28Als iemand de wet van Mozes heeft te niet gedaan, die sterft zonder barmhartigheid, onder twee of drie getuigen;
29Hoeveel te zwaarder straf, meent gij, zal hij waardig geacht worden, die den Zoon van God vertreden heeft, en het bloed des testaments onrein geacht heeft, waardoor hij geheiligd was, en den Geest der genade smaadheid heeft aangedaan?
30Want wij kennen Hem, Die gezegd heeft: Mijn is de wraak, Ik zal het vergelden, spreekt de Heere. En wederom: De Heere zal Zijn volk oordelen.

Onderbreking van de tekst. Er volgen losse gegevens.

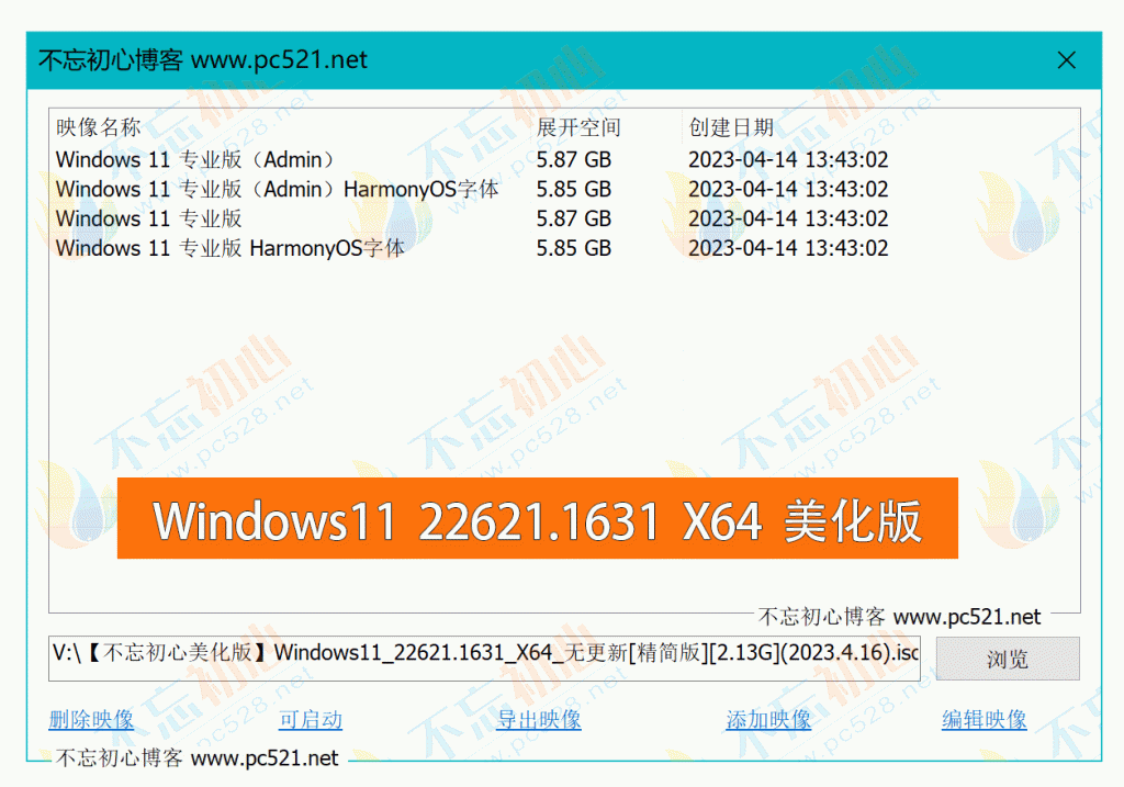 文件名: V:\【不忘初心美化版】Windows11_22621.1631_X64_无更新[精简版][2.13G](2023.4.16).iso
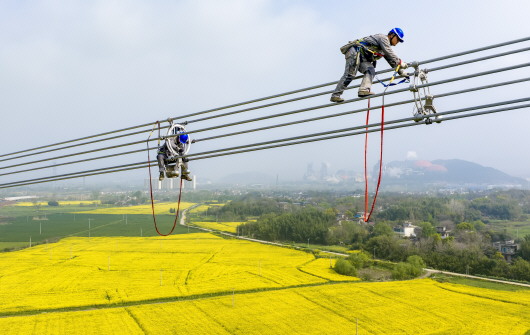 4月2日,在安徽省芜湖市繁昌区境内,安徽送变电工程有限公司施工人员在甘肃—浙江±800千伏特高压直流输电工程施工现场作业(无人机照片)。甘肃—浙江±800千伏特高压直流输电工程是国家“十四五”电力发展规划重点工程,线路全长2370千米,工程贯通后每年可输送电能约360亿千瓦时。
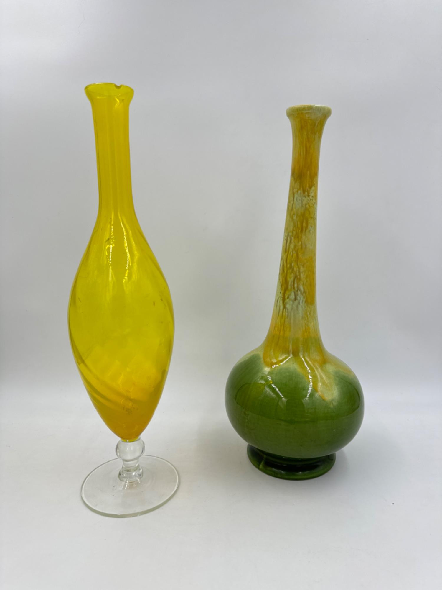 Haeger ceramic drip glaze green and yellow with a dash of brown vase - 15"T Has crazing Yellow pedestal swirl glass ewer vase spout - 16"T - Missing stopper Both are in good condition - needs to be cleaned
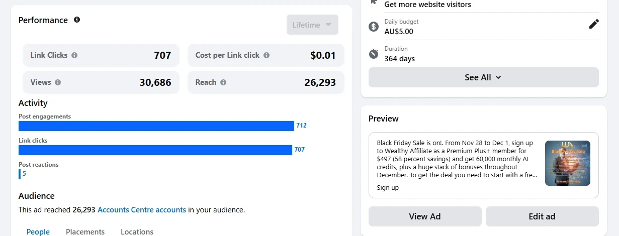 I placed the ad on Facebook about 20 hours ago. Checking Facebook progress here:
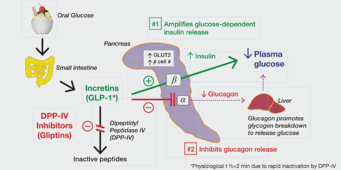 - 작용 기전: 우리 몸에서 분비되는 인크레틴 호르몬인 GLP-1(Glucagon-Like Peptide-1)을 모방합니다. 인슐린 분비를 촉진하고 글루카곤 분비를 억제하며, 뇌의 시상하부에 작용해 포만감을 높이고 위 배출 속도를 늦춥니다.
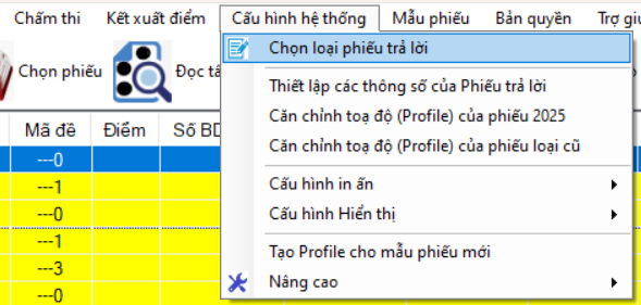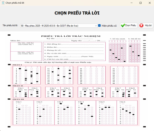 - Chọn đúng mẫu phiếu với mẫu phiếu đang thực hiện chấm
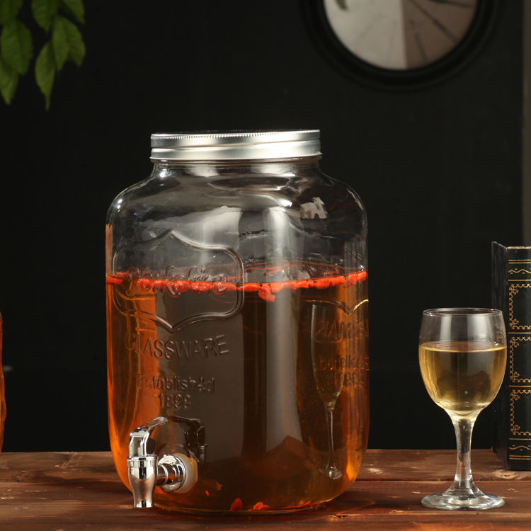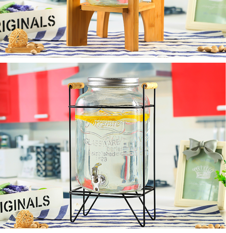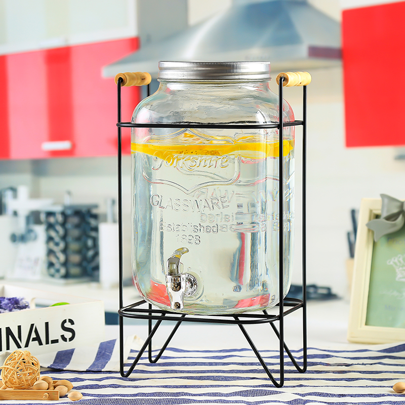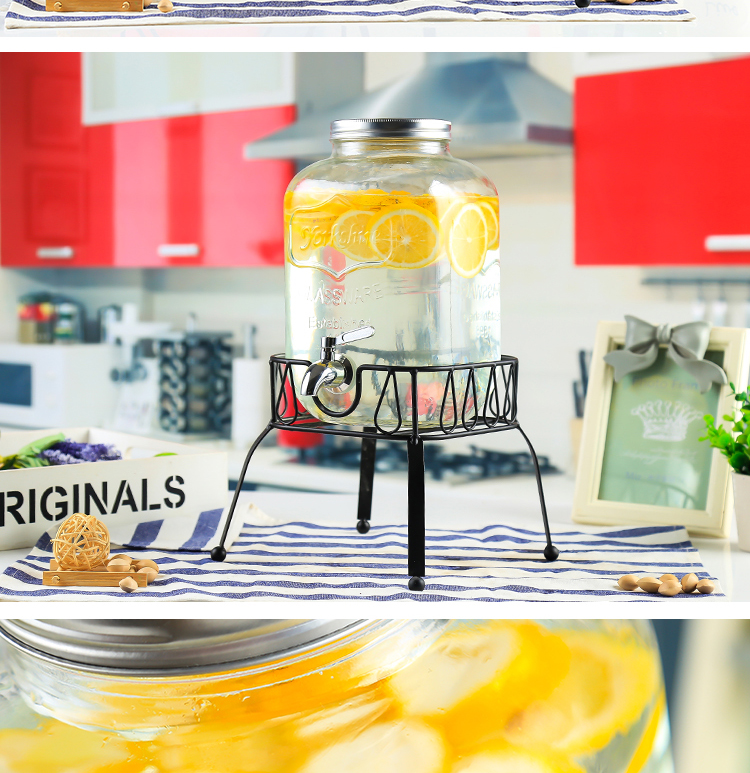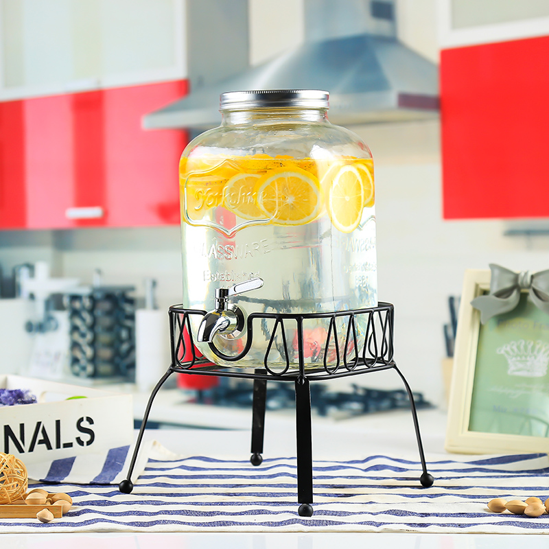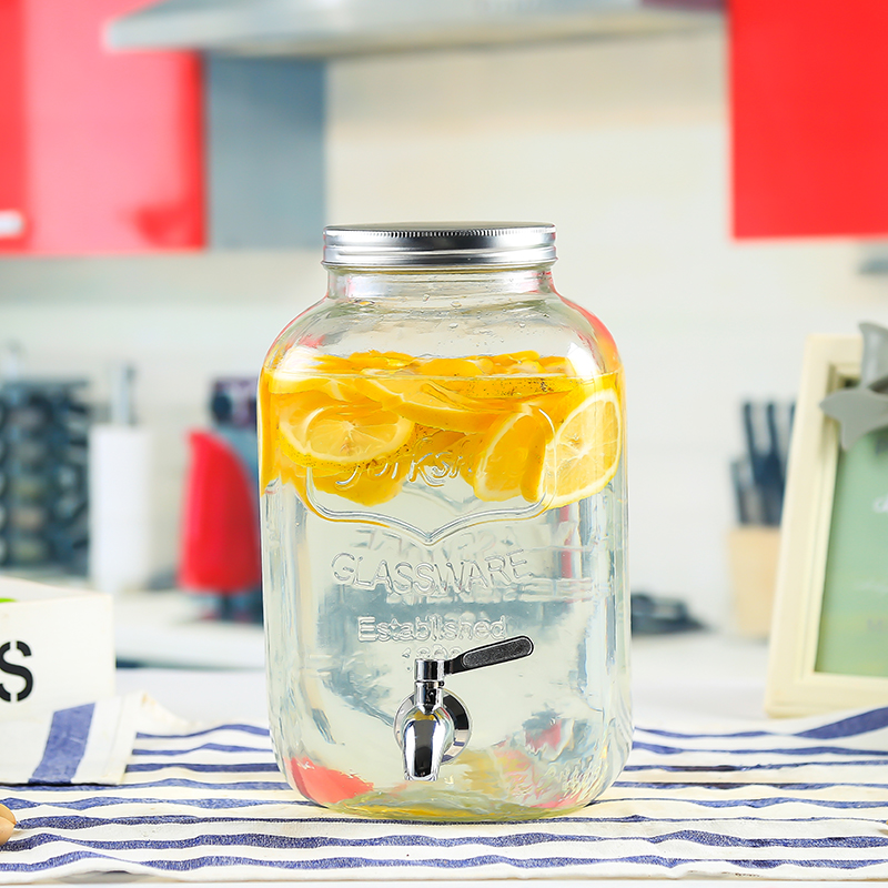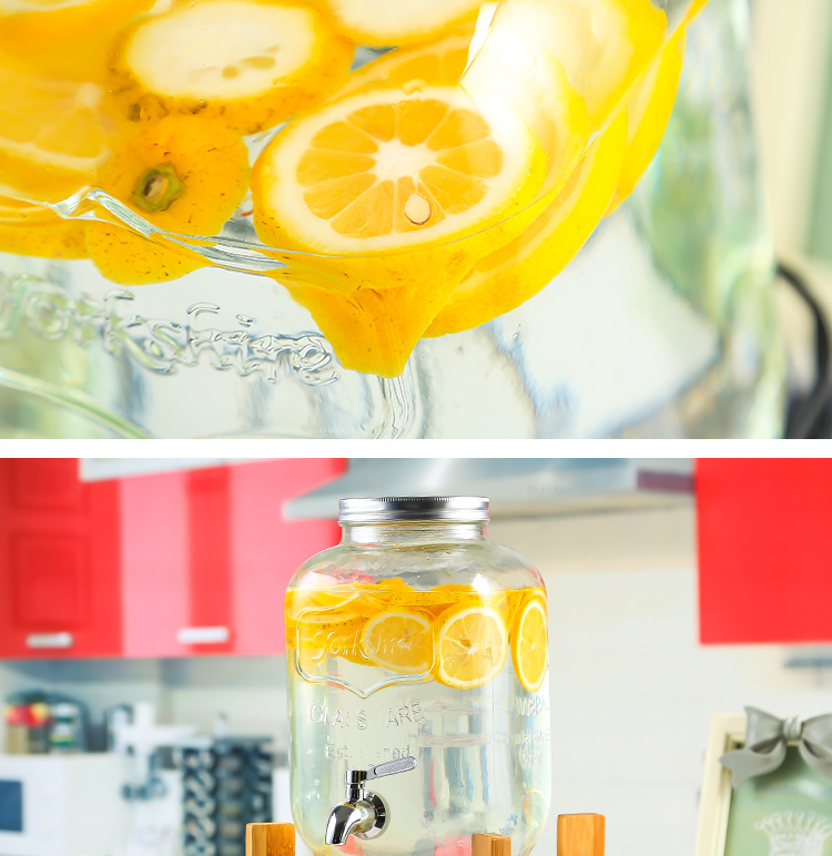 차가운 물 주전자 가정용 용량 유리 항아리 셀프 서비스 음료 버킷 탭 콜라 버킷 컨테이너가있는 상업용 주스 항아리

31Vreselijk is het te vallen in de handen des levenden Gods.
32Doch gedenkt de vorige dagen, in dewelke, nadat gij verlicht zijt geweest, gij veel strijd des lijdens hebt verdragen.
33Ten dele, als gij door smaadheden en verdrukkingen een schouwspel geworden zijt; en ten dele, als gij gemeenschap gehad hebt met degenen, die alzo behandeld werden.
34Want gij hebt ook over mijn banden medelijden gehad, en de roving uwer goederen met blijdschap aangenomen, wetende, dat gij hebt in uzelven een beter en blijvend goed in de hemelen.
35Werpt dan uw vrijmoedigheid niet weg, welke een grote vergelding des loons heeft.
36Want gij hebt lijdzaamheid van node, opdat gij, den wil van God gedaan hebbende, de beloftenis moogt wegdragen;
37Want: Nog een zeer weinig tijds en Hij, Die te komen staat, zal komen, en niet vertoeven.
38Maar de rechtvaardige zal uit het geloof leven; en zo iemand zich onttrekt, Mijn ziel heeft in hem geen behagen.
39Maar wij zijn niet van degenen, die zich onttrekken ten verderve, maar van degenen, die geloven tot behouding der ziel.